JF Online, março 2024 Financiamento
OE 2024 - Ensino Superior e Ciência

Um orçamento desfasado das necessidades de desenvolvimento do Ensino Superior e da Ciência e que o futuro governo deve melhorar

07 de março, 2024

O Orçamento do Estado (OE) de 2024 para a área governativa da Ciência, Tecnologia e Ensino Superior (CTES) ficou, mais uma vez, aquém das necessidades do país e das Instituições de Ensino Superior (IES) e de Ciência. Este governo, à semelhança do que aconteceu em anos anteriores com os governos de António Costa, teima em querer fazer passar para a opinião pública que se vive um novo ciclo de prosperidade no Ensino Superior e na Ciência, o que está longe de ser realista. Vejamos, pois, o impacto de algumas das principais medidas anunciadas para o Ensino Superior e a Ciência.

1. Financiamento da Investigação

O Governo anunciou que o orçamento da Fundação para a Ciência e a Tecnologia (FCT) teve um aumento de 5% no OE 2024, por via de receitas provenientes de impostos. Contudo, a verdade é que o aumento global, somados os contributos das várias fontes, é somente de 2,5% (17 milhões de euros), o que fica muito abaixo do valor da inflação. Quer isto dizer que os investigadores, dado o diferencial do aumento para a inflação, terão em 2024 ainda menos capacidade para comprar, por exemplo, reagentes ou equipamentos, comprometendo, assim, a possibilidade de execução dos seus projetos de investigação.

Mais alardeou a Ministra Elvira Fortunato que a percentagem do Produto Interno Bruto (PIB) dedicada à investigação e desenvolvimento atingirá 3% em 2030. Alguém acredita que seja possível dar o salto de 1,71% em 2023 para 3% em 2030 (segmento a vermelho no Gráfico 1) que a Ministra anuncia?

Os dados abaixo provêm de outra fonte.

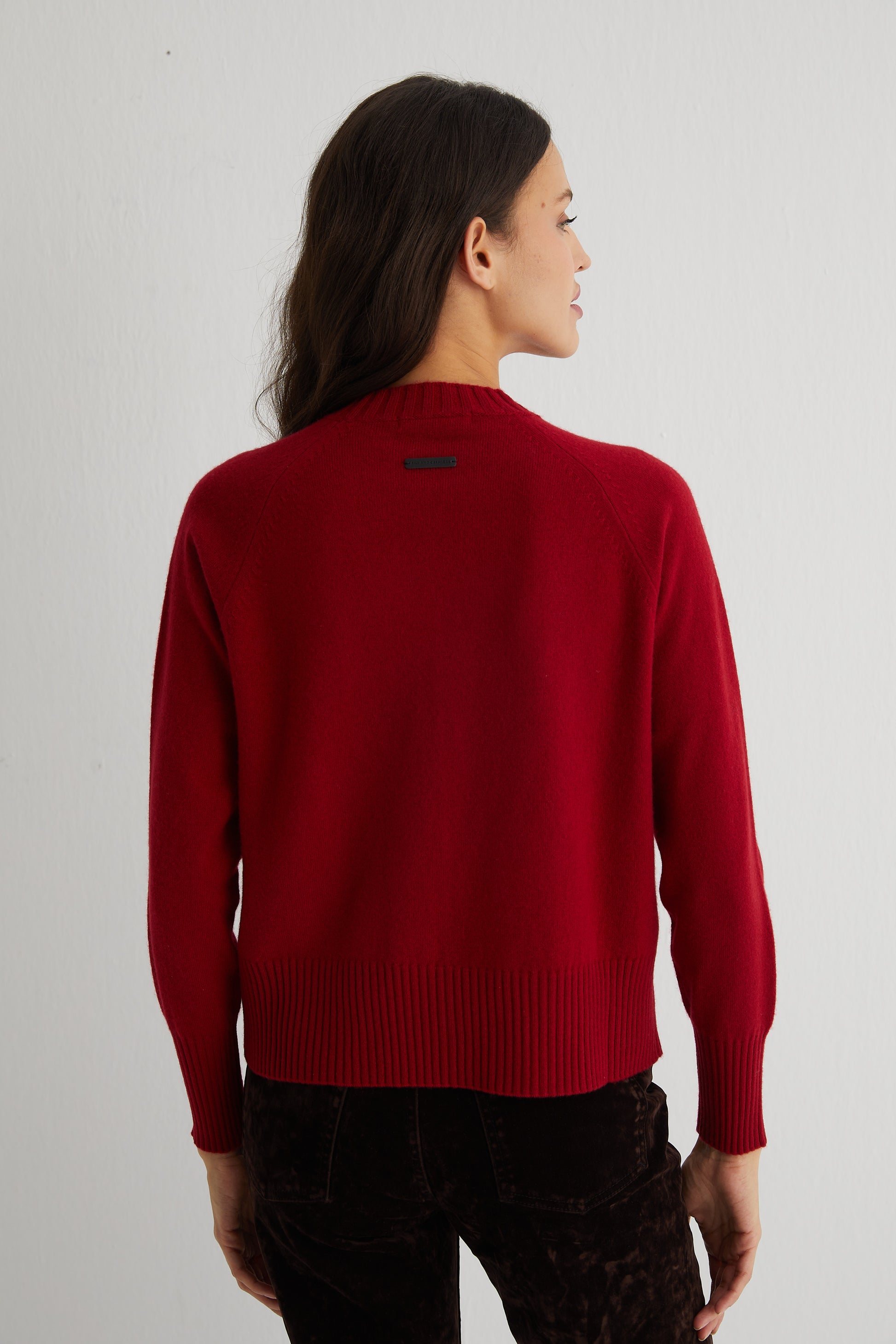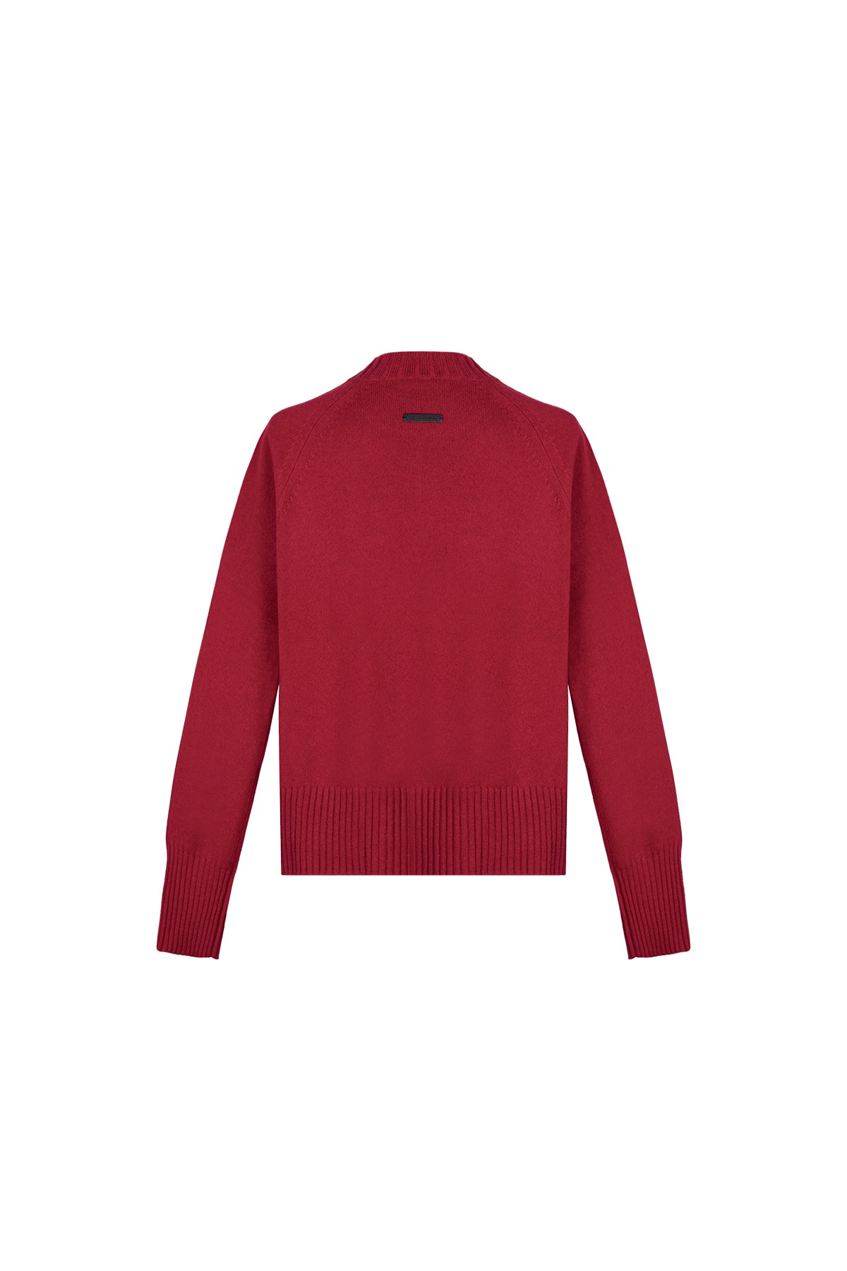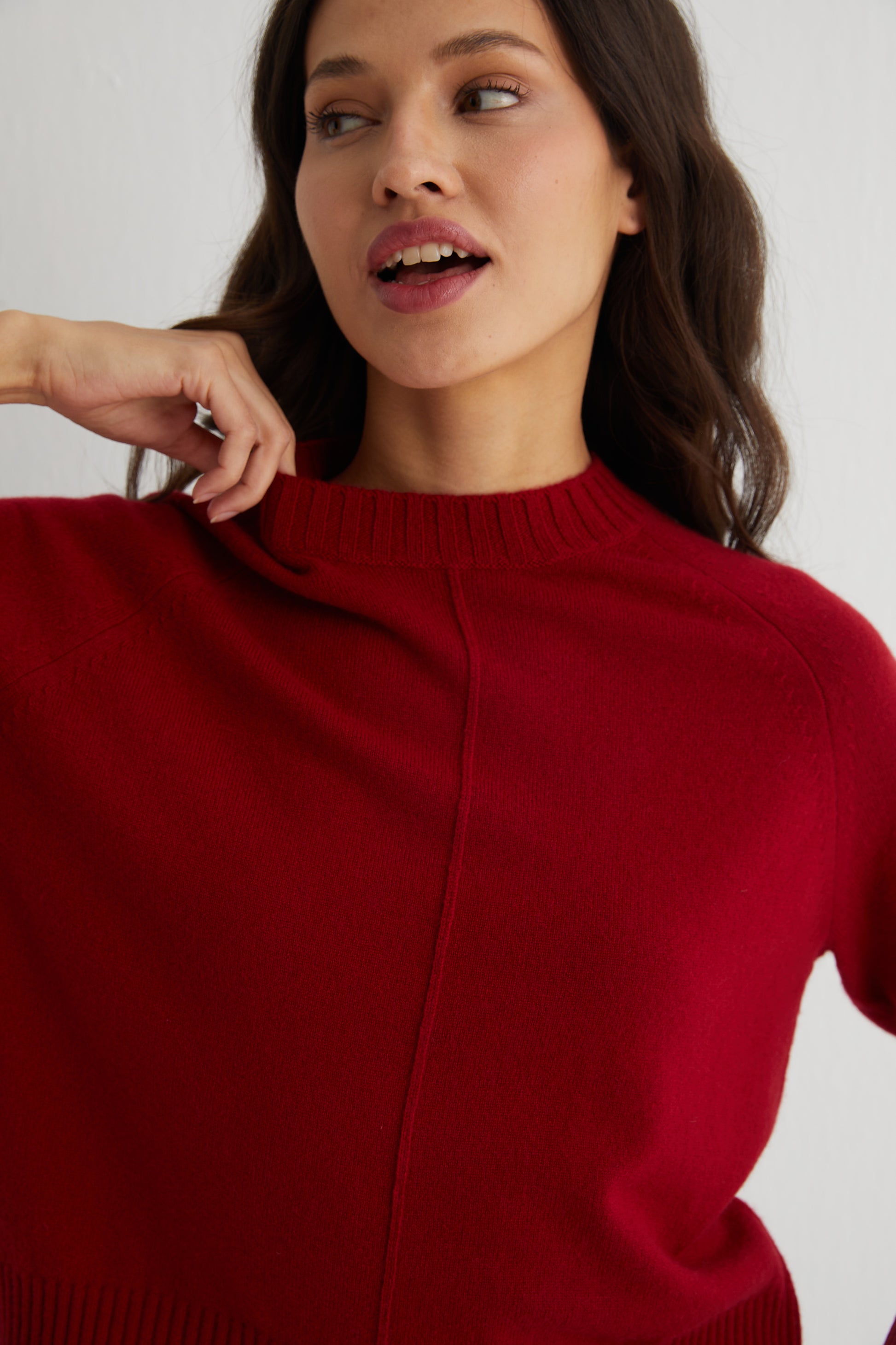 Kırmızı Carla Saf Kaşmir Yuvarlak Yaka Kazak

Gráfico 1 - Despesas em atividades de investigação e desenvolvimento (I&D) em % do PIB (PORDATA).

2. Reforço do financiamento às Instituições de Ensino Superior

O OE 2024 consagra uma dotação de 1435,1 milhões de euros para as IES, a distribuir de acordo com um novo modelo de financiamento que, importa denunciar, ainda não foi apresentado nem negociado com os sindicatos. Este valor corresponde a um aumento de 10,7% face ao valor previsto no orçamento do ano anterior, que foi de 1298,8 milhões de euros. No entanto, durante o ano de 2023, as IES viram o seu financiamento reforçado em 60,7 milhões de euros, ao abrigo da compensação das propinas, e com mais 5,8 milhões de euros para fazer face aos encargos resultantes do PREVPAP, cumprindo-se assim uma importante regra do Contrato de Legislatura que o governo firmou com as IES: o aumento das dotações do OE para as IES para compensar o aumento de encargos decorrentes de alterações legislativas com impacto financeiro nas suas tesourarias. Portanto, o aumento do orçamento relativamente a 2023 não é de 138,3 milhões, conforme o Governo informou, mas somente de 69,8, ou seja, 5,1%, bastante abaixo da taxa de inflação[1]. Ou seja, o montante orçamentado, para além de não cobrir a taxa de inflação, continua a situar Portugal muito abaixo da média europeia e da Organização para a Cooperação e Desenvolvimento Económico (OCDE) quanto ao financiamento por estudante do ensino superior em termos de PIB, conforme se mostra no Gráfico 2. O gasto médio por estudante em Portugal é, assim, de cerca de 12000 dólares dos EUA (USD), em Espanha de 14000 USD, enquanto a média dos países da OCDE e da Europa se situa nos 18000 USD. De destacar ainda que o financiamento previsto para 2024 está ao nível de 1990!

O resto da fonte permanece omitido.